I first encountered many of the stories in this Showcase volume as reprints in annuals when I was a boy, when my tastes were not yet developed enough to be bothered by the awkwardness in the dialogue or the logical holes in the plots. But i was dazzled by the imagination in these comics, and enthralled by the surprising emotional resonance in the best of Weisinger’s stories. Rereading old favorites in this collection, I still find much to admire amidst the dated dross.

The thing I like best about this Showcase volume is the credits. Although Lee and to a lesser degree Schwartz informed readers who write and drew the stories, again this was unusual at the time. Now, finally, I know who it was who wrote these tales which proved so memorable to me in my childhood, demonstrating to me some of the potential of the superhero genre.

Here in this volume, for example, is “The Old Man of Metropolis” from Action Comics #270 (November 1960), a story I described in one of the earliest installments of this column (see “Comics in Context” #4). The great Curt Swan drew it, bringing out its psychological drama with sensitivity and quiet, but subtly devastating emotional power, and now I know that it was written by the prolific Otto Binder.

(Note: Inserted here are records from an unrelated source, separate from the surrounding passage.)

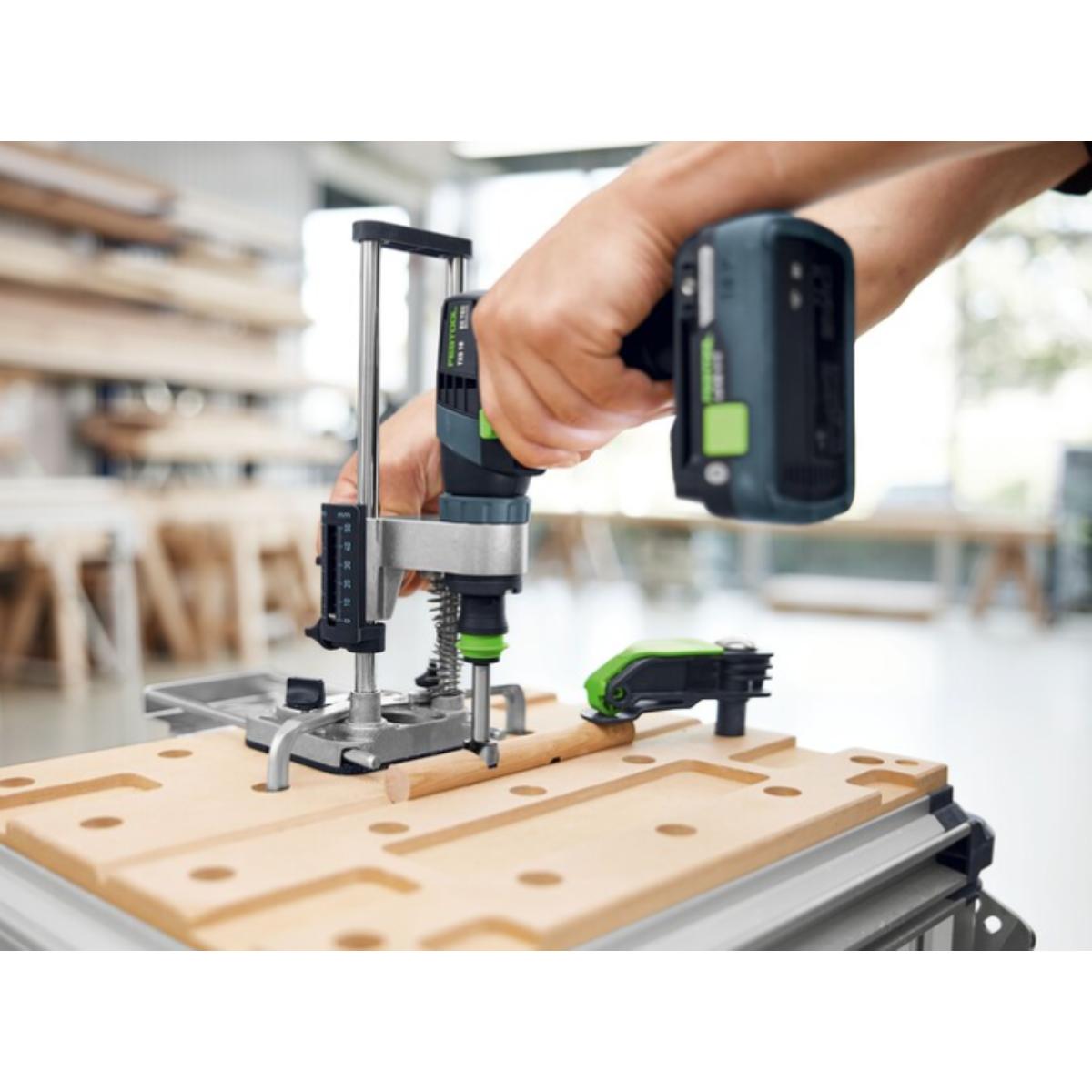 - Parallelanschlag für schnelles, präzises und wiederholgenaues Bohren parallel zu einer Kante
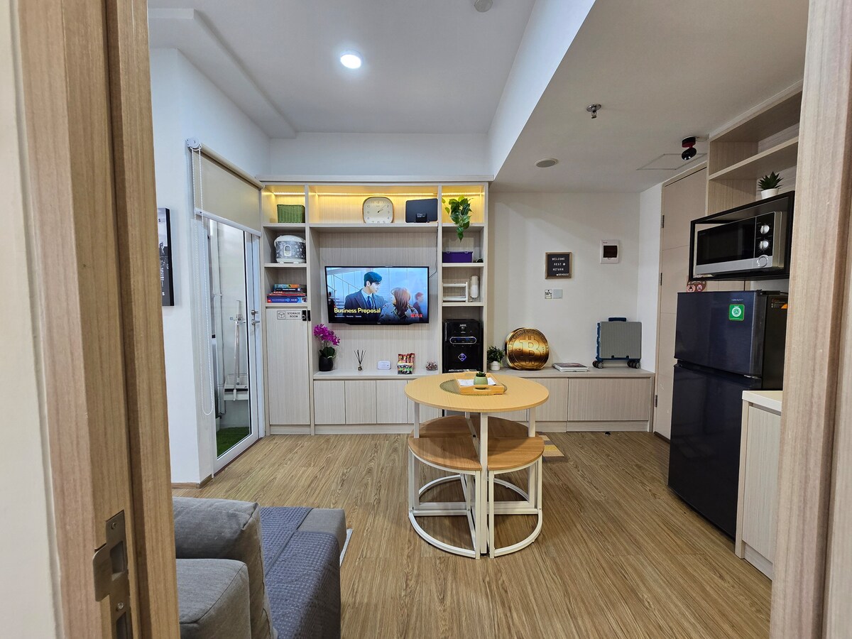 Enjoy a stylish experience at this centrally-located place. Green Sedayu Apartment is integrated with Green Sedayu Mall with lots of facilities inside. It is also quite near to the airport. Step into your cozy retreat and be greeted by a charming private balcony and a large window showcasing stunning city views. Relax and enjoy your stay! (Pool and gym are available for minimum 6 months rental 🙏)
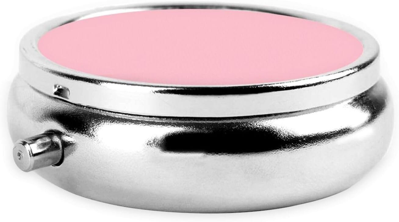 Solid color pink Stay organized and stylish with this Round Pill Box – a portable medicine storage container perfect for vitamins, supplements, fish oil, and more. Designed with a full-print exterior, this pill box is not just functional but also a fashionable addition to your daily routine. Made from durable electroplated metal iron, it offers a premium feel and long-lasting performance.

Reading it now, it is all too clear that when Clark Kent settles down for a nap, what happens over the main body of the story is a dream, or rather, a nightmare. Clark/Superman finds himself transported into the future, where he has become an elderly man, who has lost all his super-powers. Binder thus masterfully uses the iconic image of Superman, the ultimate icon of strength, power and virility, to dramatize the physical deterioration of old age. Superman spends most of the story in costume, serving to continually remind us of his youth, yet now his hair is turning white, his face is wrinkled, his build is good for an old man but hardly what it was, and he is even forced to wear glasses not as a disguise but in order to see.

What I didn’t notice as a boy is the motivation for Superman’s nightmare about old age: he reads an essay that Supergirl, who hasn’t yet begun her public career, has written envisioning her own heroic career as Superwoman “when my cousin Superman reaches old [age].” The teenage Supergirl looks forward to this time, but the dream shows that Superman himself has subconscious fears that he will physically decline with age as an ordinary mortal does. Moreover, Binder is suggesting that though Superman acts like a father towards his young cousin, protecting and teaching her, he subconsciously fears that she will supplant him when she grows up, as indeed she does in the dream.

One may not expect to find subtlety in a Weisinger-era Superman story, yet here it is. Rereading the story in Showcase for the first time in decades, I was particularly impressed by the scenes between Superwoman and the aged Superman. She never acts with blatant cruelty towards her elder cousin. But, through Binder’s understated dialogue, and Swan’s superb command of facial expressions and body language, Superwoman’s essential insensitivity towards her cousin becomes clear. She folds her arms in impatience towards him, as if controlling her anger towards a misbehaving child. They have reversed their former surrogate parent-child relationship. Later, it turns out that she has even supplanted Clark as a reporter at The Daily Planet. In this guise, she gives him a beaming smile, like a mother trying to make up to her son for being angry. But there’s a certain condescension to her attempts at kindness. She tells him she will restore his fame by writing articles about him, but as she photographs the sad old man changing from Clark into Superman, readers should suspect that she is also exploiting him for her journalistic career. And look at the uncaring expression Swan put on her face as the elderly Superman makes his exit: she has now lost interest in her surrogate father figure.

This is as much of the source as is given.